**** COLLECTED DATA

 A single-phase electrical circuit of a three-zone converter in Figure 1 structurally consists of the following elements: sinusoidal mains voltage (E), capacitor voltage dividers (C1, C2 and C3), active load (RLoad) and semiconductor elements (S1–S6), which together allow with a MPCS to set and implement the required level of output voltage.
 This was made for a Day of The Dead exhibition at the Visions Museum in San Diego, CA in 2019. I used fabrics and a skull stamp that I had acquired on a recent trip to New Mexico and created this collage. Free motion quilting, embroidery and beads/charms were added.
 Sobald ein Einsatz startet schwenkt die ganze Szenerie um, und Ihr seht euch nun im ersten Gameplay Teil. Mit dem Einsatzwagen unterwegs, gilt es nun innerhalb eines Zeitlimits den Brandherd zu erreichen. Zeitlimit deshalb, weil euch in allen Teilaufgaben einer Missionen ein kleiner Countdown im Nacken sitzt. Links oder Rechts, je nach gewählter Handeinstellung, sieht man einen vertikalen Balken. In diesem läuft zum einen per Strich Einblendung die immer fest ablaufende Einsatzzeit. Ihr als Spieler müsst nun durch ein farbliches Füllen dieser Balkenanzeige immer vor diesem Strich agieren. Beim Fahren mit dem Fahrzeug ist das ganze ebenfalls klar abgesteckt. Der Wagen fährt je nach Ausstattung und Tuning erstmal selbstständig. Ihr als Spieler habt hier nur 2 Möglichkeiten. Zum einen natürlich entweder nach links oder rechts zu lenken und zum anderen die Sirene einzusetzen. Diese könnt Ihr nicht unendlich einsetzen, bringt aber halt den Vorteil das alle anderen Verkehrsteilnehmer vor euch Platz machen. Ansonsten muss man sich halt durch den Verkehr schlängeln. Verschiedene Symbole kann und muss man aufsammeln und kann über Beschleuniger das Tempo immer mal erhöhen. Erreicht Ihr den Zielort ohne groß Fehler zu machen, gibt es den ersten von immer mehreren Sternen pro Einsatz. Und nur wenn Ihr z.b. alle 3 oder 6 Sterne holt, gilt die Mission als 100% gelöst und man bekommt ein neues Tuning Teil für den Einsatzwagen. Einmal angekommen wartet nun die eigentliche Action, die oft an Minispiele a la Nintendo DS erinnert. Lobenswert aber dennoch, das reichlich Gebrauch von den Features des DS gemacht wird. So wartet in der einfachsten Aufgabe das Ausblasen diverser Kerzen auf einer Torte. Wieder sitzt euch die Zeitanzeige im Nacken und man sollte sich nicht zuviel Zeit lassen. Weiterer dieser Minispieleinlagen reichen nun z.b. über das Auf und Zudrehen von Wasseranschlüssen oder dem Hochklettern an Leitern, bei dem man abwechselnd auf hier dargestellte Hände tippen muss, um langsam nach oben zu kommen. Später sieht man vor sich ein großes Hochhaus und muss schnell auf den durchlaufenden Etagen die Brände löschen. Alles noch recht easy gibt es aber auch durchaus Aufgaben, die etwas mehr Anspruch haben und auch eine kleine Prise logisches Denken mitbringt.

********

Would you write out the whole listing word for word?

EXPECTED OUTPUT
 A single-phase electrical circuit of a three-zone converter in Figure 1 structurally consists of the following elements: sinusoidal mains voltage (E), capacitor voltage dividers (C1, C2 and C3), active load (RLoad) and semiconductor elements (S1–S6), which together allow with a MPCS to set and implement the required level of output voltage.
 This was made for a Day of The Dead exhibition at the Visions Museum in San Diego, CA in 2019. I used fabrics and a skull stamp that I had acquired on a recent trip to New Mexico and created this collage. Free motion quilting, embroidery and beads/charms were added.
 Sobald ein Einsatz startet schwenkt die ganze Szenerie um, und Ihr seht euch nun im ersten Gameplay Teil. Mit dem Einsatzwagen unterwegs, gilt es nun innerhalb eines Zeitlimits den Brandherd zu erreichen. Zeitlimit deshalb, weil euch in allen Teilaufgaben einer Missionen ein kleiner Countdown im Nacken sitzt. Links oder Rechts, je nach gewählter Handeinstellung, sieht man einen vertikalen Balken. In diesem läuft zum einen per Strich Einblendung die immer fest ablaufende Einsatzzeit. Ihr als Spieler müsst nun durch ein farbliches Füllen dieser Balkenanzeige immer vor diesem Strich agieren. Beim Fahren mit dem Fahrzeug ist das ganze ebenfalls klar abgesteckt. Der Wagen fährt je nach Ausstattung und Tuning erstmal selbstständig. Ihr als Spieler habt hier nur 2 Möglichkeiten. Zum einen natürlich entweder nach links oder rechts zu lenken und zum anderen die Sirene einzusetzen. Diese könnt Ihr nicht unendlich einsetzen, bringt aber halt den Vorteil das alle anderen Verkehrsteilnehmer vor euch Platz machen. Ansonsten muss man sich halt durch den Verkehr schlängeln. Verschiedene Symbole kann und muss man aufsammeln und kann über Beschleuniger das Tempo immer mal erhöhen. Erreicht Ihr den Zielort ohne groß Fehler zu machen, gibt es den ersten von immer mehreren Sternen pro Einsatz. Und nur wenn Ihr z.b. alle 3 oder 6 Sterne holt, gilt die Mission als 100% gelöst und man bekommt ein neues Tuning Teil für den Einsatzwagen. Einmal angekommen wartet nun die eigentliche Action, die oft an Minispiele a la Nintendo DS erinnert. Lobenswert aber dennoch, das reichlich Gebrauch von den Features des DS gemacht wird. So wartet in der einfachsten Aufgabe das Ausblasen diverser Kerzen auf einer Torte. Wieder sitzt euch die Zeitanzeige im Nacken und man sollte sich nicht zuviel Zeit lassen. Weiterer dieser Minispieleinlagen reichen nun z.b. über das Auf und Zudrehen von Wasseranschlüssen oder dem Hochklettern an Leitern, bei dem man abwechselnd auf hier dargestellte Hände tippen muss, um langsam nach oben zu kommen. Später sieht man vor sich ein großes Hochhaus und muss schnell auf den durchlaufenden Etagen die Brände löschen. Alles noch recht easy gibt es aber auch durchaus Aufgaben, die etwas mehr Anspruch haben und auch eine kleine Prise logisches Denken mitbringt.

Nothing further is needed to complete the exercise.